Колдун в ответ на эту реплику ещё раз пучкнул губами. Передвигалась эта девица тихо, будто кошка на охоте, потому что не успело опуститься на пол это самое «спит», как на кухонном столе зашуршала бумага и мягко шоркнула тряпка по доскам столешницы, Звуки эти были постижимы и вполне мне понятны: протёрла стол тряпкой, видно решила, что не очень чисто прибрано после нашей пироговой трапезы, и положила завёрнутый в газету рыбник. Ясное дело: девка, она девка и есть, – потенциальная баба, – страсть к порядку и опрятности всосалась в кровь с молоком матери, – подумал я и вспомнил, что оставил расшитую петухами холщёвую рединку, в которой колдун принёс ночные пироги, прямо там, на краю стола. Не то что бы это был какой-то уж очень жуткий криминал, знала ведь, где и возле кого оставила, но всё равно мне стало немножко неприятно. Самую малость, но неудобно, стыдновато как-то, и я навострил уши, пытаясь хотя бы слухом выстроить ход её действий.
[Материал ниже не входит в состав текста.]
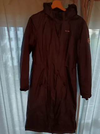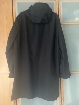 Abrigo impermeable de la marca BPC en color negro. Cuenta con una capucha con pelo sintético. El pelo y el gorro se pueden quitar. Sólo se ha usado 5 veces. - Cierre de cremallera. - Puños ajustables con velcro. - Cordón ajustable en la cintura. - Bolsillos laterales.

Может быть потому и застал меня следующий звук совершенно врасплох, вынудив дрогнуть кожей всего тела, так что волной от лба к темечку качнулись волосы и ощутилась ватная слабость коленей. Это был лёгкий скребущий удар по заборке сзади меня. Словно кто-то неосторожно провёл быстро острыми ногтями поперек волокон сухой сосновой доски. Впечатление было таким, будто меня от затылка до самого копчика мгновенно прошили вдоль всего позвоночника ледяным толстым ломом.
Я ждал и допускал чего угодно и где угодно, но не в такой непосредственной близости, тем более, что с той стороны заборки на уровне моего затылка, там где скребанулось, была лишь полка над умывальником с обмылком чёрного хозяйственного мыла в грязной мыльнице да роговым гребнем с на треть обломанными зубьями.
Тут же потянуло холодом из растворённой двери, пропищала пружина в сенях, стукнула щеколда калитки в воротах.
***
Пока я выбрался из своего укромного местечка, пока сошла крупная дрожь и я сумел перелезть мрачный, словно последнее прибежище и такой же длинный, но высокий сундук, колдун уже сидел на лавке за кухонным столом и ковырял рыбник большим хлеборезным ножом. С брезгливым выражением на лице, он держал нож за самый кончик деревянной рукояти и будто палкой копался в середке, всем видом своим показывая не просто неудовольствие, но и такую степень отвращения, словно перед ним был не горячий, только что с жару, рыбник, а кучка нечто совершенно противоположного.
Я забрал хлеборез и твёрдым движением рассёк пирог ровно пополам, повернув его исковырянной половинкой к хозяину.
– Патлы свои чесал сегодня? – взгляд чародейца был строг и серьёзен.
– Ну и чесал, гребня, что ль, жалко, – всколыхнулась не осевшая ещё муть обиды за сопелю и унизительную жуткую оторопь за сундуком.
– Жалко у пчёлки, всё остальное жалость. Учу тебя, остолопа учу, видно всё не впротык. Сколько раз говорено было: не оставляй за собой, прибирай.
– А что такого, – попытался я было окрыситься в своё оправдание.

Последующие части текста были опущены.